Your assignment: The lines to reproduce from the material below are those from the one containing "在线视频源码 苹果cmsV10x粉色魅力 视频图片小说综合站" through the one containing "Oryginalne oświetlenie sufitowe", both included; write them out exactly and add nothing.

Data to process:
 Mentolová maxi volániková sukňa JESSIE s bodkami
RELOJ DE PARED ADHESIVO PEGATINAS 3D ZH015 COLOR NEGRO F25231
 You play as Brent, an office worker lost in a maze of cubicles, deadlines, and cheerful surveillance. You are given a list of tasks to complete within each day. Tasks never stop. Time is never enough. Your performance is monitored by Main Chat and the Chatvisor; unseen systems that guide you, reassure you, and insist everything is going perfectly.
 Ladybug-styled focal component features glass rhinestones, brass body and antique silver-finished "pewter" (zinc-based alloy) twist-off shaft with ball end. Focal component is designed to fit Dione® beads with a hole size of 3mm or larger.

==

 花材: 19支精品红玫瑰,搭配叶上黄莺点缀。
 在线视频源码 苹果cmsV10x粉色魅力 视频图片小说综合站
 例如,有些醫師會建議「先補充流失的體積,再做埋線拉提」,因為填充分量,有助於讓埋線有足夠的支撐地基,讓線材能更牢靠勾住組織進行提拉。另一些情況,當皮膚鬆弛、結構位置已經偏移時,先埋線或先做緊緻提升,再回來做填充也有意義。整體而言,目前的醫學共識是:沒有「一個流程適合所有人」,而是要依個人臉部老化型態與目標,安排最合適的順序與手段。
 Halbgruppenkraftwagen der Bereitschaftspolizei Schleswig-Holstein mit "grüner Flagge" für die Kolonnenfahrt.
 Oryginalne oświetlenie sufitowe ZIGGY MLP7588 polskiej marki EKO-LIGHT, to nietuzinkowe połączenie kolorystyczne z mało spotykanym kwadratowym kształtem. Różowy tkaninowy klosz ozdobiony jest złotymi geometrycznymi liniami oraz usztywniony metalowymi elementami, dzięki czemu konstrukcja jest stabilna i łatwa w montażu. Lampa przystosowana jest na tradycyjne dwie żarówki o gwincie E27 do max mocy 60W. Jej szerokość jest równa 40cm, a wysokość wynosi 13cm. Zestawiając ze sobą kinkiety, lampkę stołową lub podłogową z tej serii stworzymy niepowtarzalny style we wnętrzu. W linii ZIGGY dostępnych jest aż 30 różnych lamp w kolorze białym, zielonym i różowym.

Answer to the exercise:
 在线视频源码 苹果cmsV10x粉色魅力 视频图片小说综合站
 例如,有些醫師會建議「先補充流失的體積,再做埋線拉提」,因為填充分量,有助於讓埋線有足夠的支撐地基,讓線材能更牢靠勾住組織進行提拉。另一些情況,當皮膚鬆弛、結構位置已經偏移時,先埋線或先做緊緻提升,再回來做填充也有意義。整體而言,目前的醫學共識是:沒有「一個流程適合所有人」,而是要依個人臉部老化型態與目標,安排最合適的順序與手段。
 Halbgruppenkraftwagen der Bereitschaftspolizei Schleswig-Holstein mit "grüner Flagge" für die Kolonnenfahrt.
 Oryginalne oświetlenie sufitowe ZIGGY MLP7588 polskiej marki EKO-LIGHT, to nietuzinkowe połączenie kolorystyczne z mało spotykanym kwadratowym kształtem. Różowy tkaninowy klosz ozdobiony jest złotymi geometrycznymi liniami oraz usztywniony metalowymi elementami, dzięki czemu konstrukcja jest stabilna i łatwa w montażu. Lampa przystosowana jest na tradycyjne dwie żarówki o gwincie E27 do max mocy 60W. Jej szerokość jest równa 40cm, a wysokość wynosi 13cm. Zestawiając ze sobą kinkiety, lampkę stołową lub podłogową z tej serii stworzymy niepowtarzalny style we wnętrzu. W linii ZIGGY dostępnych jest aż 30 różnych lamp w kolorze białym, zielonym i różowym.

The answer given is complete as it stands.